### Dataset records
>>>

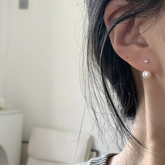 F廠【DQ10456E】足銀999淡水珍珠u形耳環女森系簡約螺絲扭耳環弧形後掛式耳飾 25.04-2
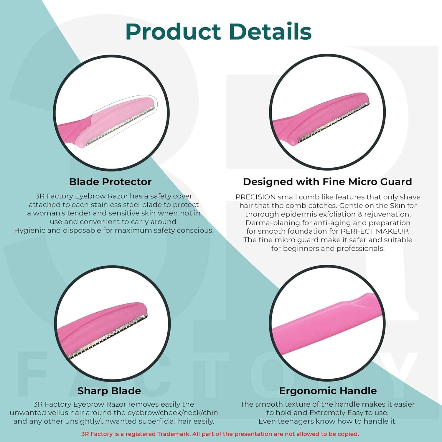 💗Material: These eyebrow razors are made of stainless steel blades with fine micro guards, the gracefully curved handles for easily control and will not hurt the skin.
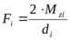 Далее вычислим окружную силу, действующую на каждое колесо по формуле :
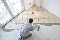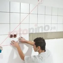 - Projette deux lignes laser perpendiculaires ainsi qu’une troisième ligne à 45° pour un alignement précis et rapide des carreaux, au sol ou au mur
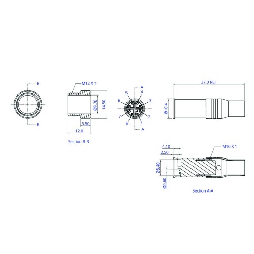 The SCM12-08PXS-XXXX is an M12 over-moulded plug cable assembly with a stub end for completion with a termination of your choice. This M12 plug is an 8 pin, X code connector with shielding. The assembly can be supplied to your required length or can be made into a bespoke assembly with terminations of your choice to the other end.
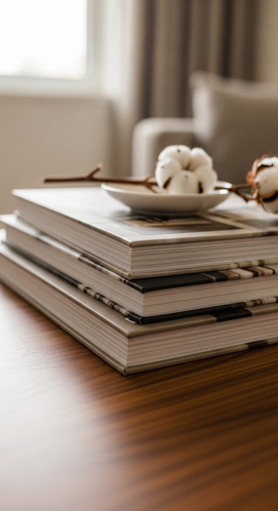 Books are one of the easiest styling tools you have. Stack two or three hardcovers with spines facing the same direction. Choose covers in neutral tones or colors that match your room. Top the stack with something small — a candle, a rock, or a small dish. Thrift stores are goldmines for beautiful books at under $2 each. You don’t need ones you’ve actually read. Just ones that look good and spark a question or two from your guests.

<<<
>>>

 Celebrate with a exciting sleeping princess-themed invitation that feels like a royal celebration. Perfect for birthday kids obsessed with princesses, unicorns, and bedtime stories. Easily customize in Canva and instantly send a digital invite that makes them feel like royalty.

<<<
>>>

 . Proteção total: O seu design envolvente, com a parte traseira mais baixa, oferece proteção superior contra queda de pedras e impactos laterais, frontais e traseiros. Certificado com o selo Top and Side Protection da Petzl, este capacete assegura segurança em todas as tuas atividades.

<<<

### Action item
When copying from the data above, print only the lines from the line containing "F廠【DQ10456E】足銀" to the line containing "Books are one", exactly, and leave the pictures out.

### Exercise response
 F廠【DQ10456E】足銀999淡水珍珠u形耳環女森系簡約螺絲扭耳環弧形後掛式耳飾 25.04-2
 💗Material: These eyebrow razors are made of stainless steel blades with fine micro guards, the gracefully curved handles for easily control and will not hurt the skin.
 Далее вычислим окружную силу, действующую на каждое колесо по формуле :
 - Projette deux lignes laser perpendiculaires ainsi qu’une troisième ligne à 45° pour un alignement précis et rapide des carreaux, au sol ou au mur
 The SCM12-08PXS-XXXX is an M12 over-moulded plug cable assembly with a stub end for completion with a termination of your choice. This M12 plug is an 8 pin, X code connector with shielding. The assembly can be supplied to your required length or can be made into a bespoke assembly with terminations of your choice to the other end.
 Books are one of the easiest styling tools you have. Stack two or three hardcovers with spines facing the same direction. Choose covers in neutral tones or colors that match your room. Top the stack with something small — a candle, a rock, or a small dish. Thrift stores are goldmines for beautiful books at under $2 each. You don’t need ones you’ve actually read. Just ones that look good and spark a question or two from your guests.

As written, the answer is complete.